Comment 3 sunzhaohua 2019-07-25 14:54:32 UTC

@andrew I tried following the steps, the result is as expected.
- scale down the replicas in the '2a' machineset to 0
- scale it up to 1 again
- wait for the new machine/node to become Ready
- create clusterautoscaler, machineautoscaler
- add workload


I0725 14:49:14.483020       1 scale_up.go:426] Estimated 49 nodes needed in openshift-machine-api/zhsun1-lpwf6-worker-us-east-2b
I0725 14:49:14.483183       1 scale_up.go:521] Splitting scale-up between 3 similar node groups: {openshift-machine-api/zhsun1-lpwf6-worker-us-east-2b, openshift-machine-api/zhsun1-lpwf6-worker-us-east-2c, openshift-machine-api/zhsun1-lpwf6-worker-us-east-2a}
I0725 14:49:14.483211       1 scale_up.go:529] Final scale-up plan: [{openshift-machine-api/zhsun1-lpwf6-worker-us-east-2b 1->18 (max: 30)} {openshift-machine-api/zhsun1-lpwf6-worker-us-east-2c 1->17 (max: 30)} {openshift-machine-api/zhsun1-lpwf6-worker-us-east-2a 1->17 (max: 30)}]
I0725 14:49:14.483251       1 scale_up.go:686] Scale-up: setting group openshift-machine-api/zhsun1-lpwf6-worker-us-east-2b size to 18
I0725 14:49:14.497758       1 scale_up.go:686] Scale-up: setting group openshift-machine-api/zhsun1-lpwf6-worker-us-east-2c size to 17
I0725 14:49:14.511498       1 scale_up.go:686] Scale-up: setting group openshift-machine-api/zhsun1-lpwf6-worker-us-east-2a size to 17

Comment 4 Andrew McDermott 2019-07-25 15:38:42 UTC

(In reply to sunzhaohua from comment #3)
> @andrew I tried following the steps, the result is as expected.
> - scale down the replicas in the '2a' machineset to 0
> - scale it up to 1 again
> - wait for the new machine/node to become Ready
> - create clusterautoscaler, machineautoscaler
> - add workload
> 
> 
> I0725 14:49:14.483020       1 scale_up.go:426] Estimated 49 nodes needed in
> openshift-machine-api/zhsun1-lpwf6-worker-us-east-2b
> I0725 14:49:14.483183       1 scale_up.go:521] Splitting scale-up between 3
> similar node groups: {openshift-machine-api/zhsun1-lpwf6-worker-us-east-2b,
> openshift-machine-api/zhsun1-lpwf6-worker-us-east-2c,
> openshift-machine-api/zhsun1-lpwf6-worker-us-east-2a}
> I0725 14:49:14.483211       1 scale_up.go:529] Final scale-up plan:
> [{openshift-machine-api/zhsun1-lpwf6-worker-us-east-2b 1->18 (max: 30)}
> {openshift-machine-api/zhsun1-lpwf6-worker-us-east-2c 1->17 (max: 30)}
> {openshift-machine-api/zhsun1-lpwf6-worker-us-east-2a 1->17 (max: 30)}]
> I0725 14:49:14.483251       1 scale_up.go:686] Scale-up: setting group
> openshift-machine-api/zhsun1-lpwf6-worker-us-east-2b size to 18
> I0725 14:49:14.497758       1 scale_up.go:686] Scale-up: setting group
> openshift-machine-api/zhsun1-lpwf6-worker-us-east-2c size to 17
> I0725 14:49:14.511498       1 scale_up.go:686] Scale-up: setting group
> openshift-machine-api/zhsun1-lpwf6-worker-us-east-2a size to 17

The problem still remains that we are getting machines/nodes with varying amounts of RAM - which to me is unexpected, see: https://bugzilla.redhat.com/show_bug.cgi?id=1733235

As far as this bug goes I think the behaviour is correct, thus this is not a bug.

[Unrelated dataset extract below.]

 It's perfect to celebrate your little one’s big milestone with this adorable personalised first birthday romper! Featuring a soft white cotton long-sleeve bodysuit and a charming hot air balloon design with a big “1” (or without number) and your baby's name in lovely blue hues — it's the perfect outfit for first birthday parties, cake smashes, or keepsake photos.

If the cluster autoscaler requires memory capacity to be identical when balancing amongst nodes in nodegroups then it can only split the workload up amongst those that are equal. We're seeing the correct behaviour from the cluster autoscaler here.

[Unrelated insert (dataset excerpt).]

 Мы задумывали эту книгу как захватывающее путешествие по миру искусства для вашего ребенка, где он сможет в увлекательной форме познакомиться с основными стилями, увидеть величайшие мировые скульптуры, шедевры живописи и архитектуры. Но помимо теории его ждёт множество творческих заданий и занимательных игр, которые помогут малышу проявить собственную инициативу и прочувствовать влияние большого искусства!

Comment 5 Andrew McDermott 2019-07-26 13:09:20 UTC

I looked at adding a 3-5% toleration on the capacity but am now wary of making this change based on the warning here:

https://github.com/openshift/kubernetes-autoscaler/blob/master/cluster-autoscaler/processors/nodegroupset/compare_nodegroups.go#L79

This says:
	
// If this is ever changed, enforcing MaxCoresTotal and MaxMemoryTotal limits
// as it is now may no longer work.

from the following function:

func IsNodeInfoSimilar(n1, n2 *schedulernodeinfo.NodeInfo) bool {
	capacity := make(map[apiv1.ResourceName][]resource.Quantity)
	allocatable := make(map[apiv1.ResourceName][]resource.Quantity)
	free := make(map[apiv1.ResourceName][]resource.Quantity)
	nodes := []*schedulernodeinfo.NodeInfo{n1, n2}
	for _, node := range nodes {
		for res, quantity := range node.Node().Status.Capacity {
			capacity[res] = append(capacity[res], quantity)
		}
		for res, quantity := range node.Node().Status.Allocatable {
			allocatable[res] = append(allocatable[res], quantity)
		}
		requested := node.RequestedResource()
		for res, quantity := range (&requested).ResourceList() {
			freeRes := node.Node().Status.Allocatable[res].DeepCopy()
			freeRes.Sub(quantity)
			free[res] = append(free[res], freeRes)
		}
	}
	// For capacity we require exact match.
	// If this is ever changed, enforcing MaxCoresTotal and MaxMemoryTotal limits
	// as it is now may no longer work.
	for _, qtyList := range capacity {
		if len(qtyList) != 2 || qtyList[0].Cmp(qtyList[1]) != 0 {
			return false
		}
	}
...

Comment 6 Robert Krawitz 2019-07-26 14:53:05 UTC

Note that mcelog can offline memory pages based on error detection: http://www.mcelog.org/badpageofflining.html

Comment 7 Jan Chaloupka 2019-08-13 12:42:10 UTC

We are still investigating the issue. Next step is to see if we are able to provision machines in AWS with publicly available images with various OSes through launch config to see if we can get the differences to role out if it's RHCOS image related. One of ways how to cope with the small difference in memory capacity is to tolerate up to 1% in difference.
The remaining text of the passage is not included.